Like others on the site, I more often than not utilized a webcam stand-in. Charlie, my rescue pug, received of “awes” and “LOLs” with his bug-eyed, mouth-gaping expression of befuddlement.
He was also told by one pair of 20-something shirtless dudes that he should be shot “for being ugly.”
Charlie and I disconnected.
Mostly though, Charlie got hung up on first. To be fair to Charlie, this is pretty much what happens when I put myself on camera. But Charlie can take it. Me, not so much.
“Stop exporting your dog,” wrote another chat partner who demanded I show myself.
“Exporting?” I responded. “Why, I’m not shipping Charlie to another country for sale or exchange at all.” My partner disconnected.
If my partner meant “exploiting,” I suppose he or she was technically correct. Putting myself on camera felt like a set-up.
Here’s the thing. I’m closing in on the 5,000-friend limit on Facebook. And while I don’t really know the majority of these people, at least I know they want to be in the vicinity of my cyberspace.
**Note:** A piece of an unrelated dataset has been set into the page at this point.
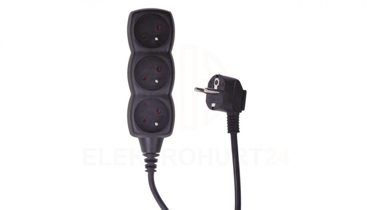 Przedłużacz 3-gniazda z/u 1,5m /H05VV-F 3G1/ czarny PC0311

Same goes with Twitter.
As a “mainstream media” columnist, I’m also the subject of of hateful hilarity written on blogs and whatnot. And while I generally find it amusing, my social network friends provide a nice padding against what the hippies call “negative energy.”
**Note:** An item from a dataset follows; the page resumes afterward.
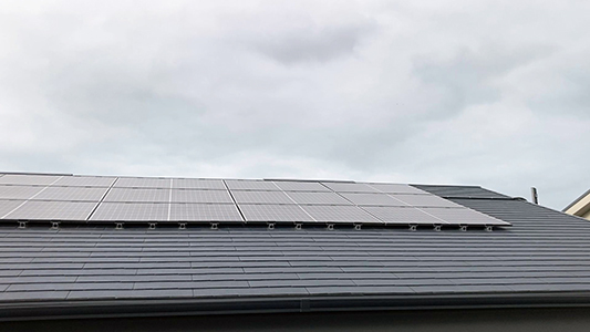 →(旦那様)ZEH(ネット・ゼロ・エネルギー・ハウス)ということでソーラーパネルを載せていますが、 ソーラーパネルと蓄電池で電気代もトータルで見たら安くで済んでいます。

There is something to be found on ChatRoulette, if you can take it. My awesome chat partner, who used video of a train zooming through Norway as his onscreen stand-in, sifted out some interesting stuff:
“In the past 48 hours, I helped a sixteen year old Finnish girl with her English homework,” he wrote. “I kept a single mother in Chile company while she folded laundry. I declined a hit from a massive bong at a party in Spain. I watched a Big Ten college kid pass out drunk. I talked at length with a blue-collar resident of Anchorage about the job market there. I offered sympathy to a woman who had a bad head cold. I provided feedback to an aspiring poet in Australia. And, I saw at least one thousand penises.”
I, too, had another meaningful exchange, one that ended in a little bit of heartbreak. When a young Asian man popped up on screen wearing a white bathrobe and ear buds, I figured this was more of the same.Thankfully, it wasn’t.
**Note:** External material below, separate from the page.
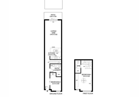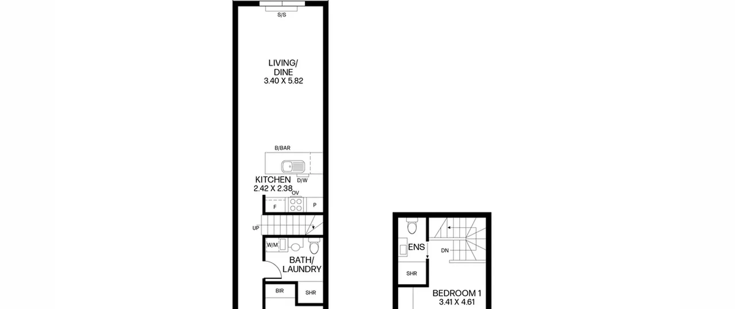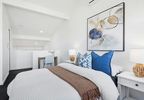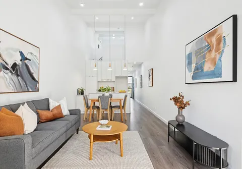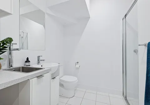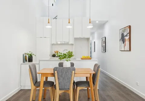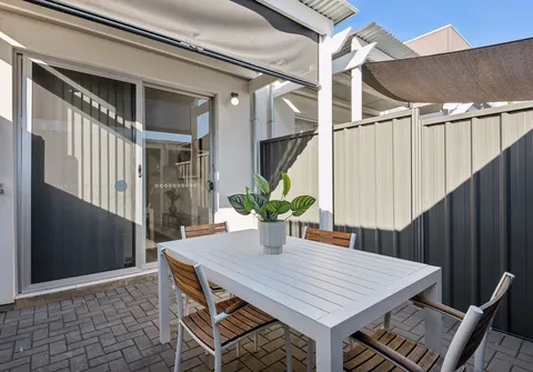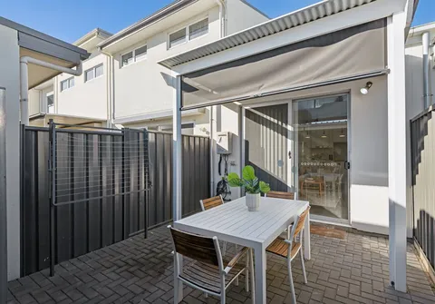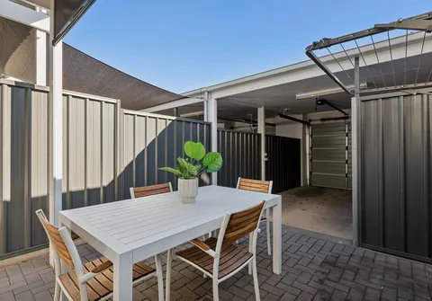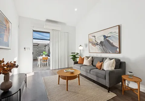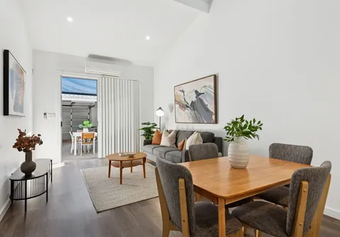 Downstairs you’ll find the second bedroom and modern main bathroom. An open-plan, light-filled kitchen, living and dining area boasts soaring high ceilings and flows effortlessly into a welcoming courtyard with a patio - ideal for entertaining guests or savouring peaceful mornings. The low-maintenance yard ensures you’ll have more time to unwind and spend less time on upkeep.

The young man said he was a 26-year-old computer engineer living in Taiwan, up at 3:30 a.m. because of “wakefulness.” He said he enjoyed ChatRoulette because it was fun to meet people and it helped him work on his English. We spent the next two hours talking about different places in the world we’d like to visit, the weather and Lady Gaga.
We exchanged the opening lyrics at the beginning of “Bad Romance,” and he showed me his “Poker Face” expression. In the last half hour he told me he was sad because it was the first Chinese New Year without his mother, who had passed away from cancer a month before. He sent me a YouTube link to the Taiwanese “sadness song” he was listening to, and more links to a photo album Web site so I could see her pictures.
He told me about his mother’s journal, written in the 1980s, which he’d found after her death. He talked about how when she was young, she wrote and thought about things he had never considered.
I went into comfort mode. I told him that it was okay to miss her, that it would be hard for a long time, but he would be okay, that his mother would want him to be okay. He started typing less and less. Then he disconnected, without saying goodbye.